# Task description
Excluding pictures, retype exactly the lines from the one with "Een klassiek gestreept" through the end of the records that follow.

# Provided data

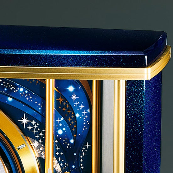 本体:木(MDF・漆 青銀河塗り)・一部金属(アルミ・ヘアライン仕上げ) 前面:曲面ガラス 飾り:金属(ステンレス・金メッキ) 回転飾り:高透過ガラス
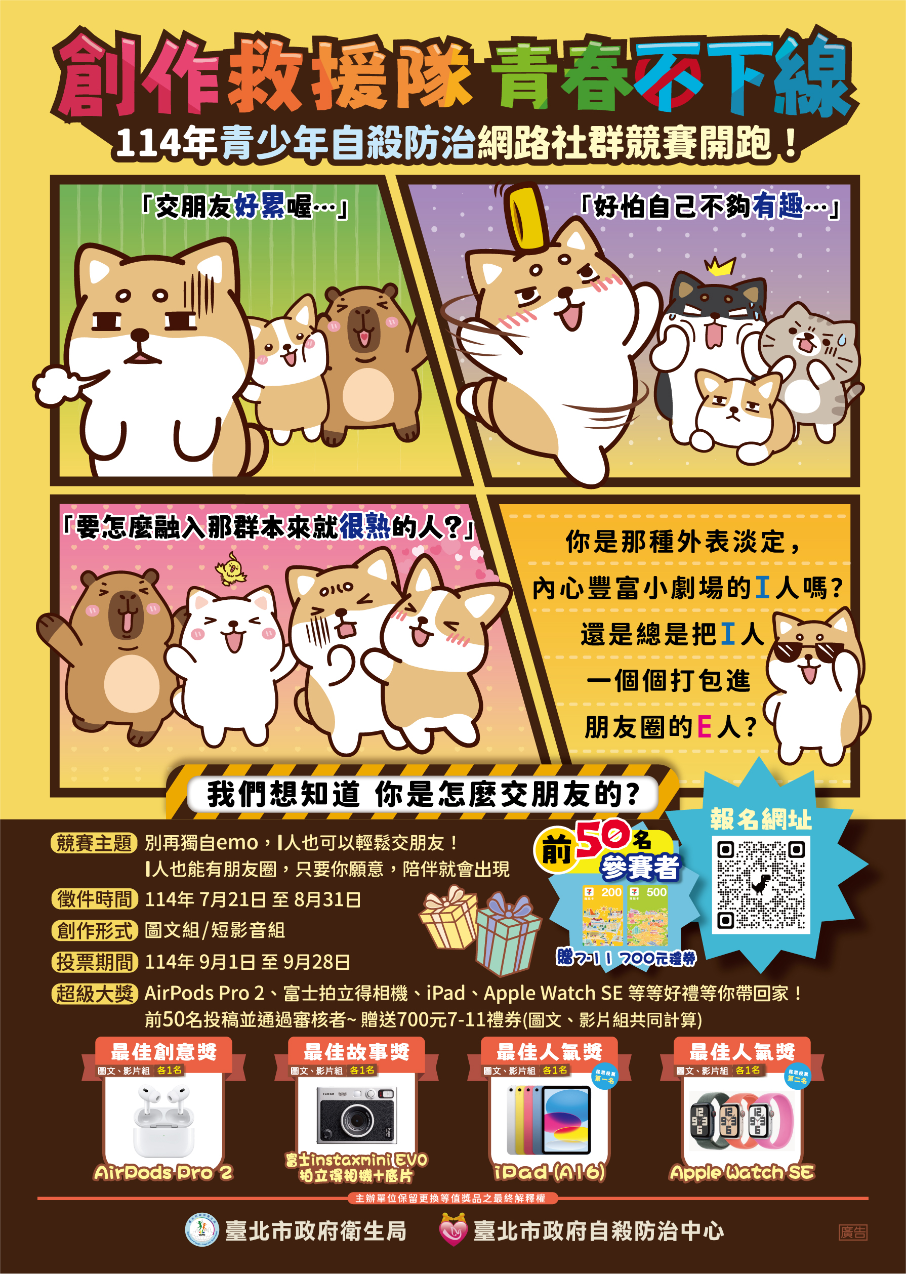- 最佳人氣獎(民眾投票第一名)(圖文、影片組各1名):iPad
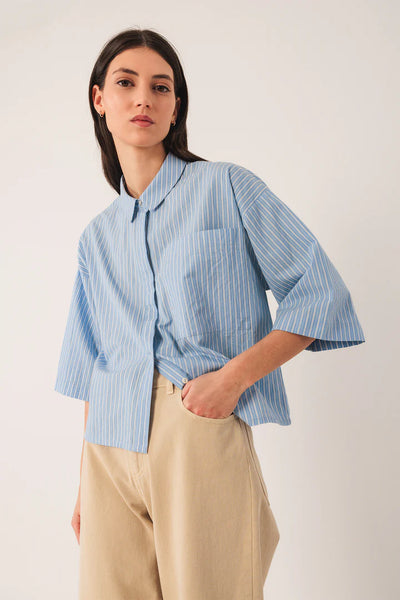 Een klassiek gestreept overhemd, maar dan in een cropped versie. Een vernieuwd kledingstuk met een vierkante snit, verlaagde schouders en losvallende korte mouwen. De katoenen poplin geeft het overhemd een trendy uitstraling.
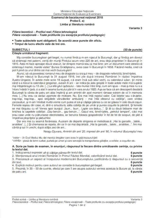 +373 22 232 402, +373 22 233 545, +373 22 232 469 fax: Timpul efectiv de lucru este de trei ore. Model de subiect pentru olimpiada de limbă și literatură română, secțiunea b, 2019
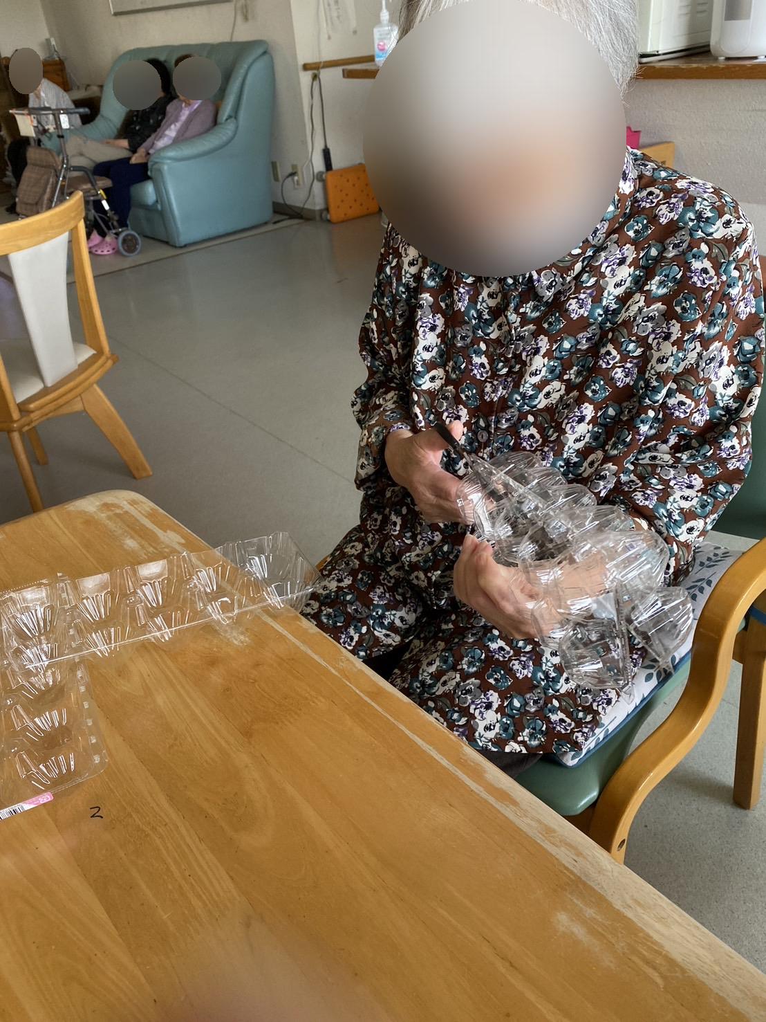 今日も卵のパックを使って、ひまわりの種を蒔いて頂きました
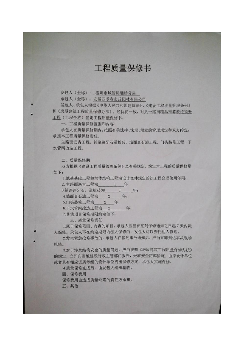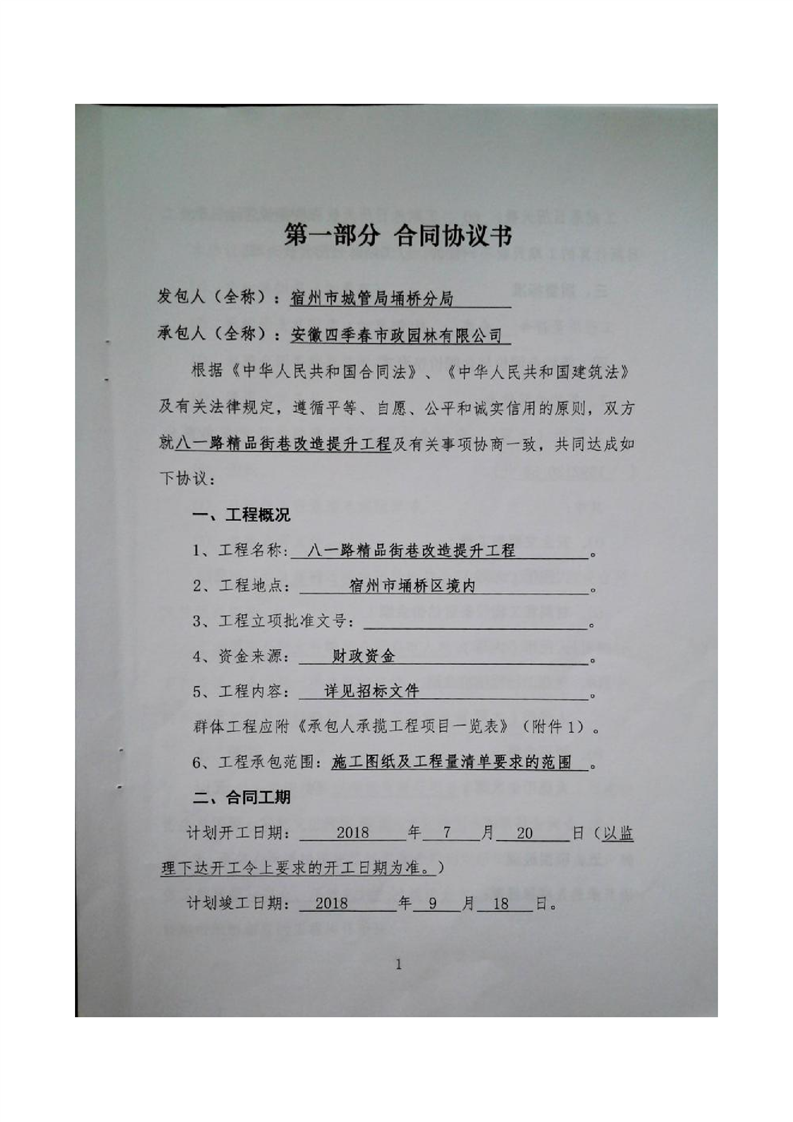 八一路精品街巷改造提升工程合同

# Output for this exercise
 Een klassiek gestreept overhemd, maar dan in een cropped versie. Een vernieuwd kledingstuk met een vierkante snit, verlaagde schouders en losvallende korte mouwen. De katoenen poplin geeft het overhemd een trendy uitstraling.
 +373 22 232 402, +373 22 233 545, +373 22 232 469 fax: Timpul efectiv de lucru este de trei ore. Model de subiect pentru olimpiada de limbă și literatură română, secțiunea b, 2019
 今日も卵のパックを使って、ひまわりの種を蒔いて頂きました
 八一路精品街巷改造提升工程合同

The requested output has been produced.